Data supplied Start Marker

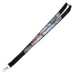 A UK-stocked 20mm flat recycled PET lanyard available plain next-day or with a 1 colour screen print on 1 side or a full colour transfer print on 1 side in 8-10 working days.
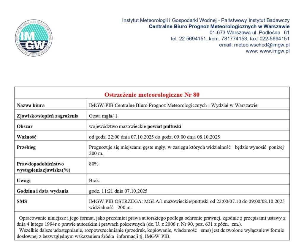 Nazwa biura IMGW-PIB Centralne Biuro Prognoz Meteorologicznych – Wydział w Warszawie Zjawisko/stopień zagrożenia Gęsta mgła/ 1 Obszar województwo mazowieckie powiat pułtuski Ważność od godz. 22:00 dnia 07.10.2025 do godz. 09:00 dnia 08.10.2025 Przebieg Prognozuje się miejscami gęste mgły, w zasięgu których widzialność będzie wynosić poniżej 200 m. Prawdopodobieństwo wystąpienia zjawiska(%) 80% Uwagi Brak. Godzina i data wydania godz. 11:21 dnia 07.10.2025
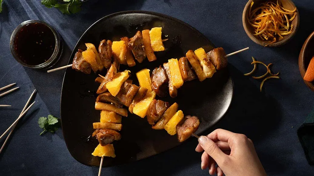 Petiscos crocantes e suculentos para festas ou como uma entrada asiático-francesa requintada. Peito de pato crocante e rabanete daikon são glaceados com Molho Kikkoman Teriyaki com Alho e combinados com laranja para criar espetadas elegantes.
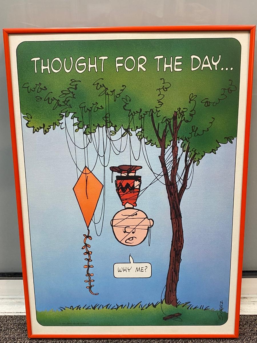 Vintage Retro Charlie Brown Thought for the Day Framed Comic Art Peanuts Gang. In good condition. About 14x20.
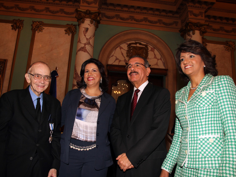El ilustre músico José Antonio Abreu, la vicepresidenta Margarita Cedeño de Fernández, el presidente Danilo Medina y la primera dama, Candida Montilla de Medina, posan para la prensa al final del ceremonial.
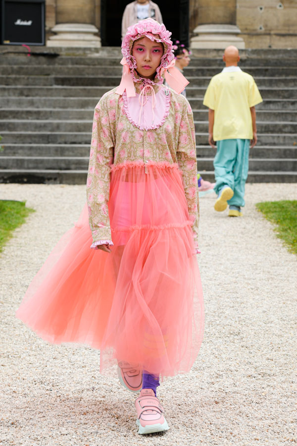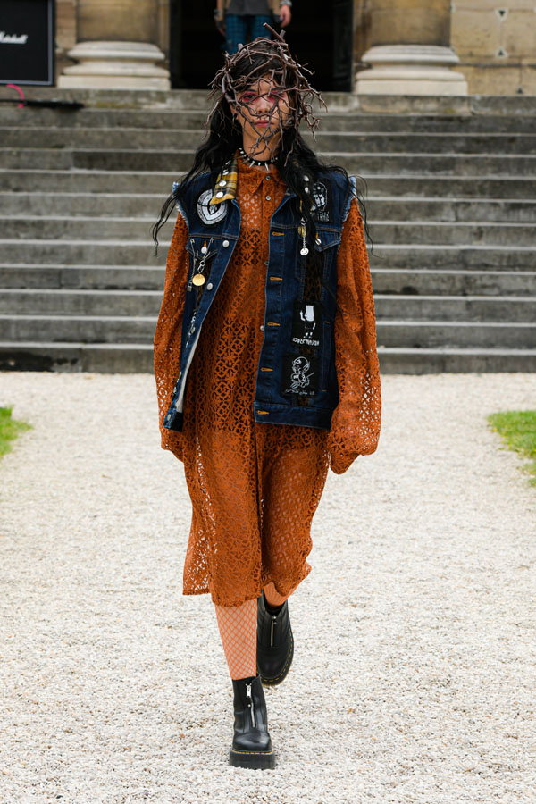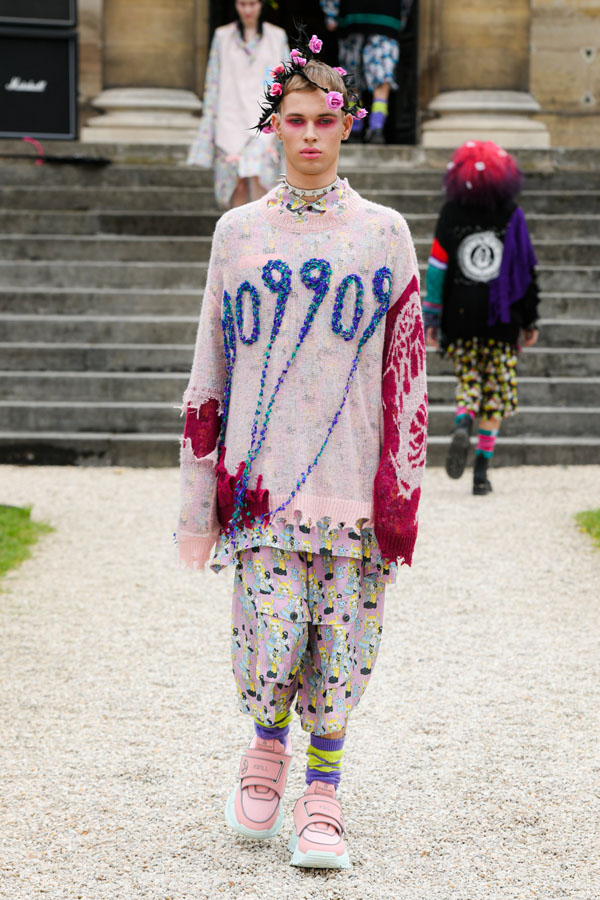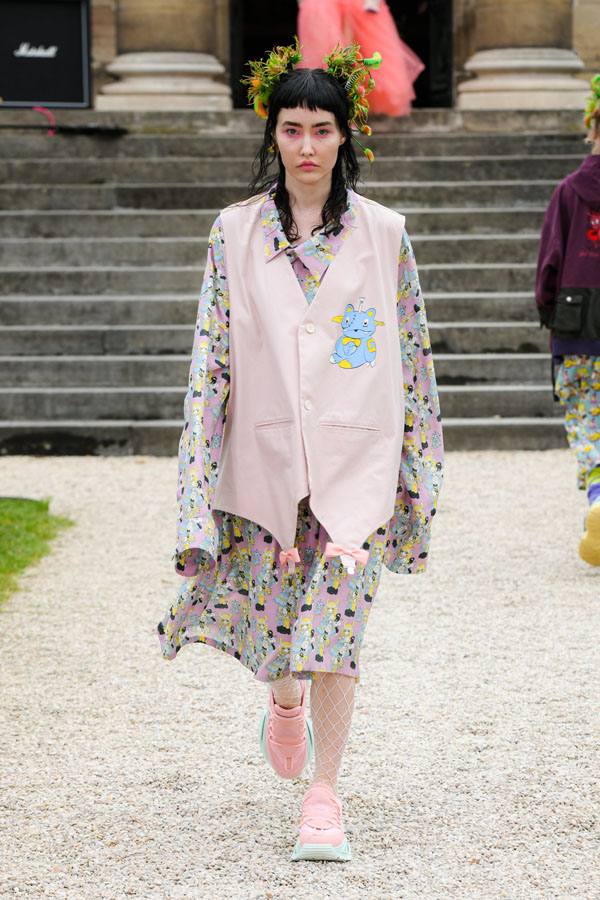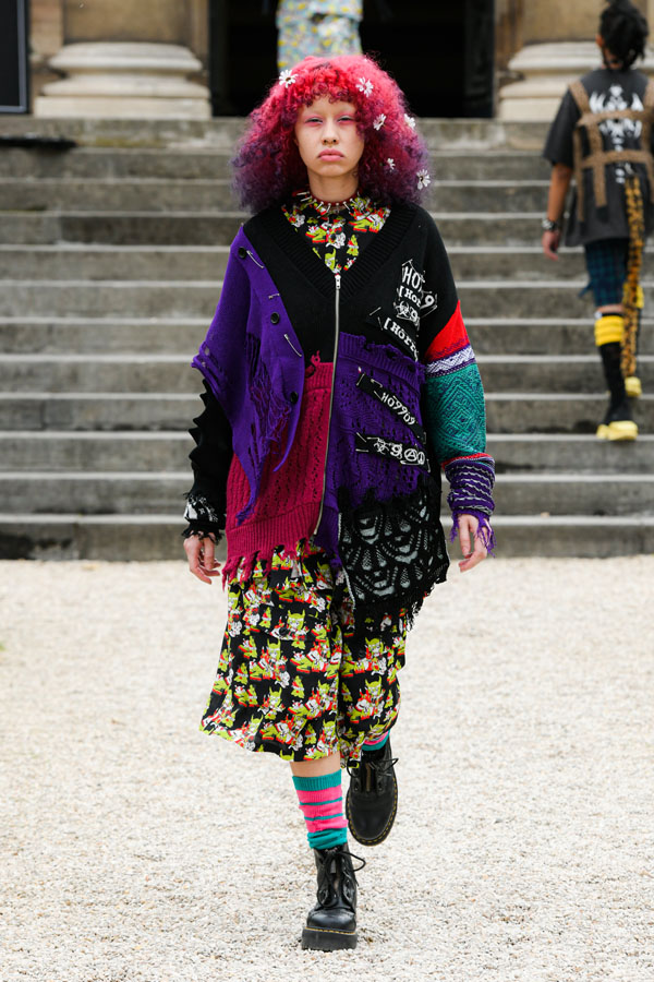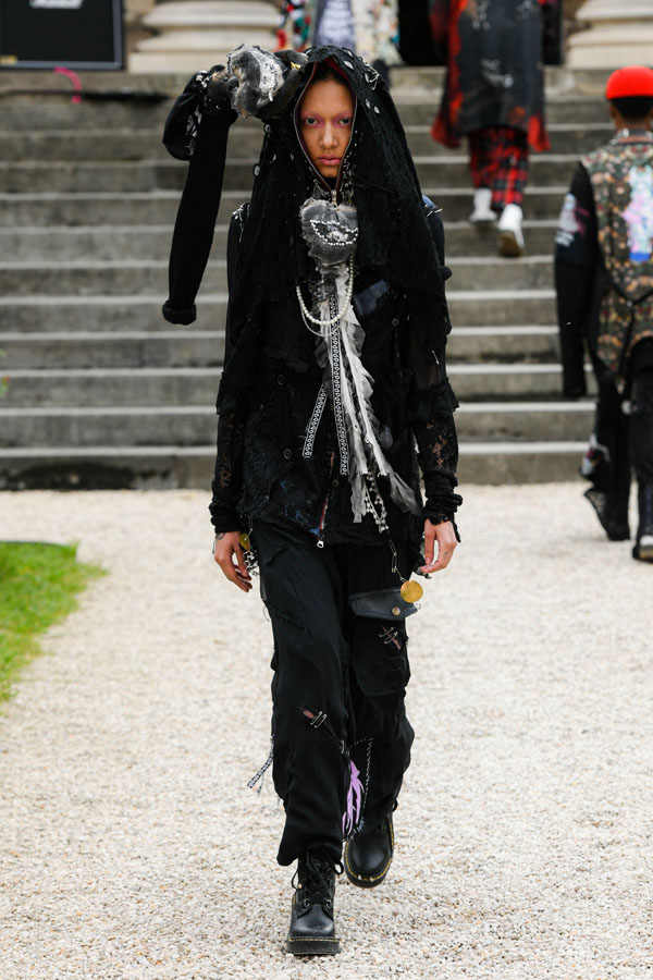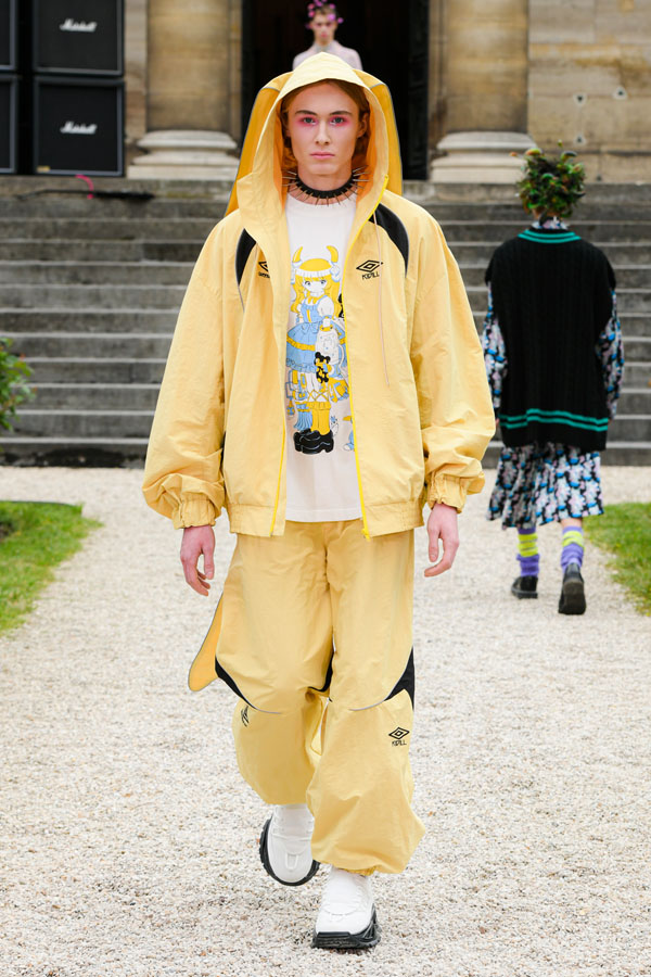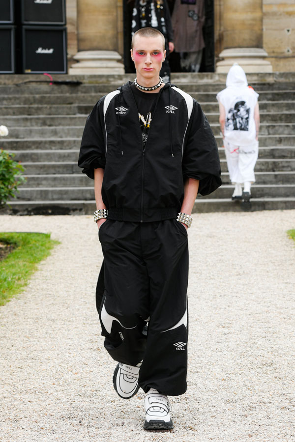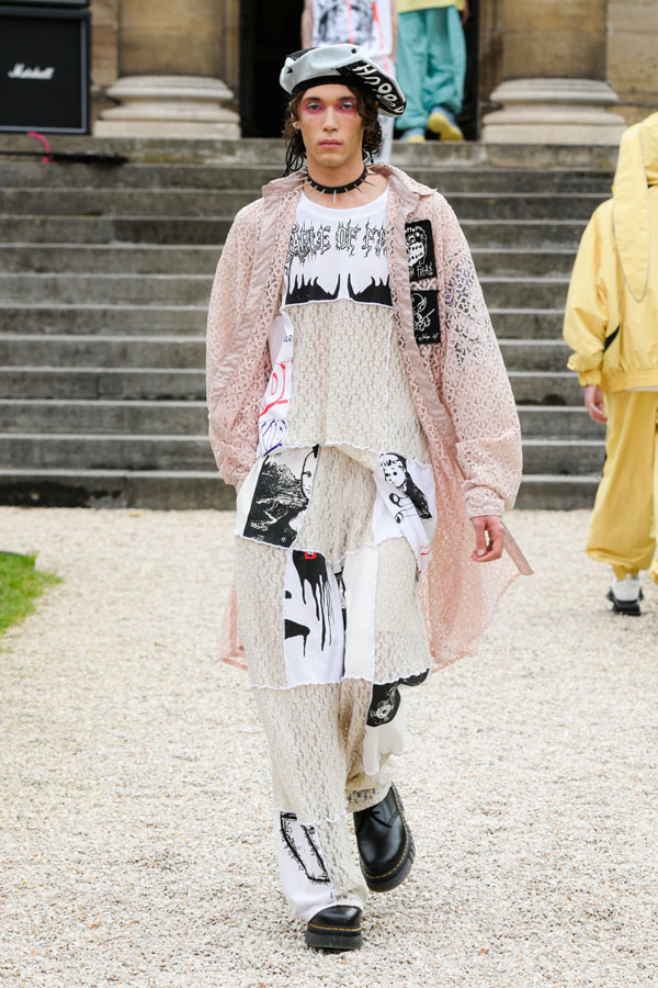 The designer expresses and is inspired by the “Tokyo-ness”‘s vibe emanating from the musicians, while blending streetstyle inspirations captured in Harajuku, more specifically the “Lolita” style. Suesayu also expands his collection by adding deconstructed pieces from vintage metal t-shirts, a shoulder bag that contains suprising textures of tattered and eroded fabrics, sleeveless suit jackets and vintage suit pants created by tailors. The collection also includes sports jackets and games t-shirts made in collaboration with UMBRO.

Data supplied End Marker

**Your objective**
Leave out every picture and transcribe the remaining entries exactly.

**Your solution**
 A UK-stocked 20mm flat recycled PET lanyard available plain next-day or with a 1 colour screen print on 1 side or a full colour transfer print on 1 side in 8-10 working days.
 Nazwa biura IMGW-PIB Centralne Biuro Prognoz Meteorologicznych – Wydział w Warszawie Zjawisko/stopień zagrożenia Gęsta mgła/ 1 Obszar województwo mazowieckie powiat pułtuski Ważność od godz. 22:00 dnia 07.10.2025 do godz. 09:00 dnia 08.10.2025 Przebieg Prognozuje się miejscami gęste mgły, w zasięgu których widzialność będzie wynosić poniżej 200 m. Prawdopodobieństwo wystąpienia zjawiska(%) 80% Uwagi Brak. Godzina i data wydania godz. 11:21 dnia 07.10.2025
 Petiscos crocantes e suculentos para festas ou como uma entrada asiático-francesa requintada. Peito de pato crocante e rabanete daikon são glaceados com Molho Kikkoman Teriyaki com Alho e combinados com laranja para criar espetadas elegantes.
 Vintage Retro Charlie Brown Thought for the Day Framed Comic Art Peanuts Gang. In good condition. About 14x20.
El ilustre músico José Antonio Abreu, la vicepresidenta Margarita Cedeño de Fernández, el presidente Danilo Medina y la primera dama, Candida Montilla de Medina, posan para la prensa al final del ceremonial.
 The designer expresses and is inspired by the “Tokyo-ness”‘s vibe emanating from the musicians, while blending streetstyle inspirations captured in Harajuku, more specifically the “Lolita” style. Suesayu also expands his collection by adding deconstructed pieces from vintage metal t-shirts, a shoulder bag that contains suprising textures of tattered and eroded fabrics, sleeveless suit jackets and vintage suit pants created by tailors. The collection also includes sports jackets and games t-shirts made in collaboration with UMBRO.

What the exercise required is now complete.